Addressing them one by one: for an extrovert, I surely do spend a lot of time by myself. I’m funny and do well at parties, but my natural set point is sitting on a mountain somewhere with a book. I’ll cop to “emotional stability” in that I’m fairly unflappable, though at various times in my life I was probably pretty neurotic. Locklin the disagreeable?
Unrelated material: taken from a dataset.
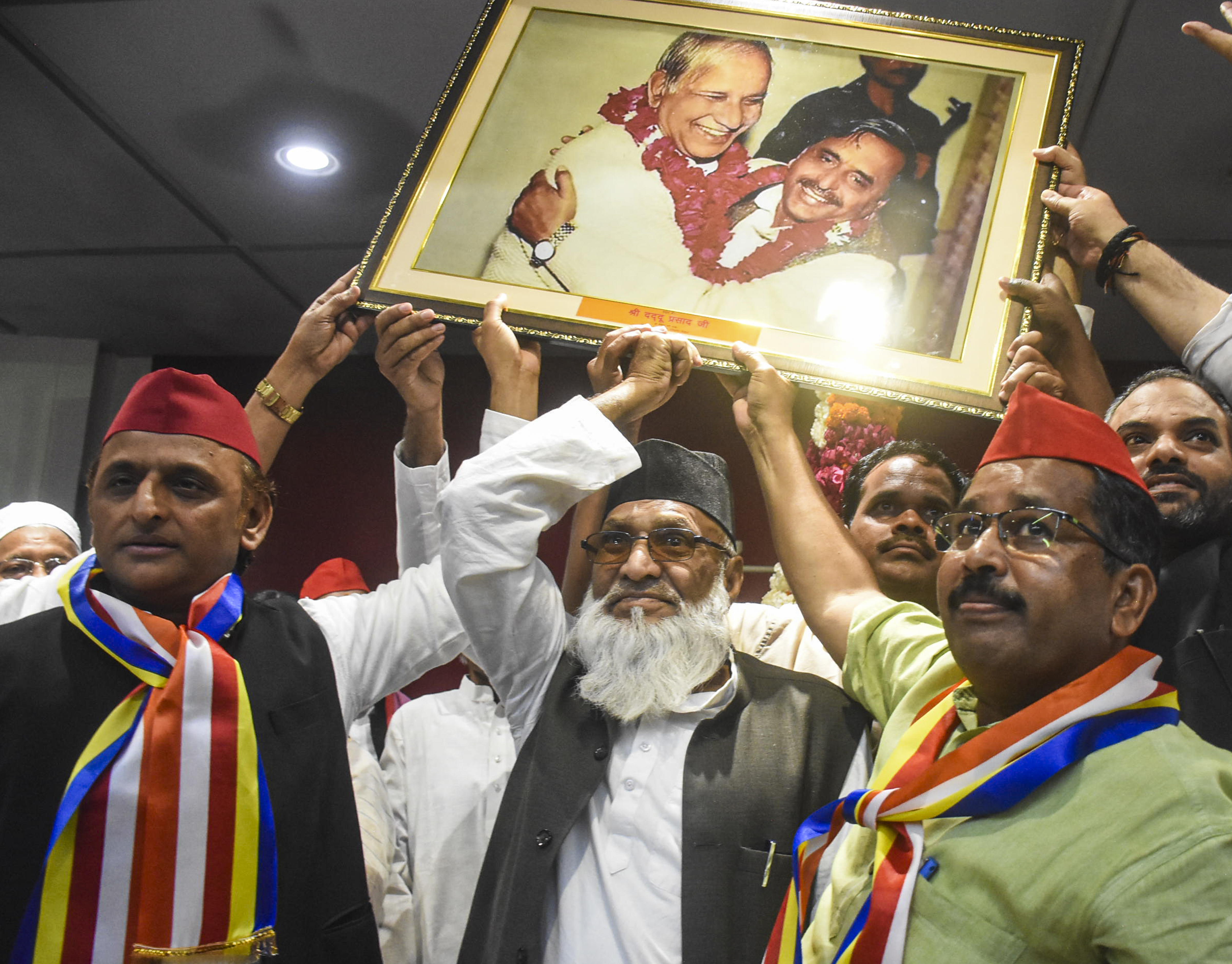 Lucknow: Samajwadi Party President Akhilesh Yadav, left, during a press conference, in Lucknow, Monday, April 7, 2025. (PTI Photo/Nand Kumar)(PTI04_07_2025_000118B)

Certainly I don’t suffer fools gladly. I’m also the dickhead who checks in on people to make sure they’re doing OK and who notices when they’re not; disagreeable people don’t do that. Conscientious; whatever -totally varies over time there are multiple 5 year periods of my life where I did nothing but chase women and drink heavily. I do usually pick things up off the floor, and go through vast map-reduce phases of gather/sort, though sometimes my desk looks like a junk pile.  Intellect/Imagination aka “Openness” -this one is most hilarious of all. It’s true, I revel in matters of the mind, I enjoy travel, art and I like messing with new ideas. While I’m fairly creative in my thinking, I’m also extremely traditional in my thinking: something that doesn’t compute with psychologists, who obviously don’t read much history or know who Ezra Pound or LeMaitre was. Or, for that matter Freeman Dyson or Heisenberg or Mendel or Celine or  Ernst Junger or Dali …. the list is endless -particularly among artistic and scientific giants. None of this is capable of predicting, say, who I voted for in the last election, or how likely I am to check in on the nice old lady upstairs. It’s just a bunch of shaggy dog stories and stereotypes about self regarding white college students in America in the mid to late 20th century.

another bad model mapped onto other cultures

I think pretty much anything is better than this; for example, the Hippocrates theory that men come in Phlegmatic, Choleric, Sanguine and Melancholic flavors is obviously better from a behavioral point of view, as they relate to how people behave. I don’t think those clusters map onto anything real, but I know people who exemplify all of these archetypes. Particularly people in Latin countries, more or less where the idea originated in ancient times.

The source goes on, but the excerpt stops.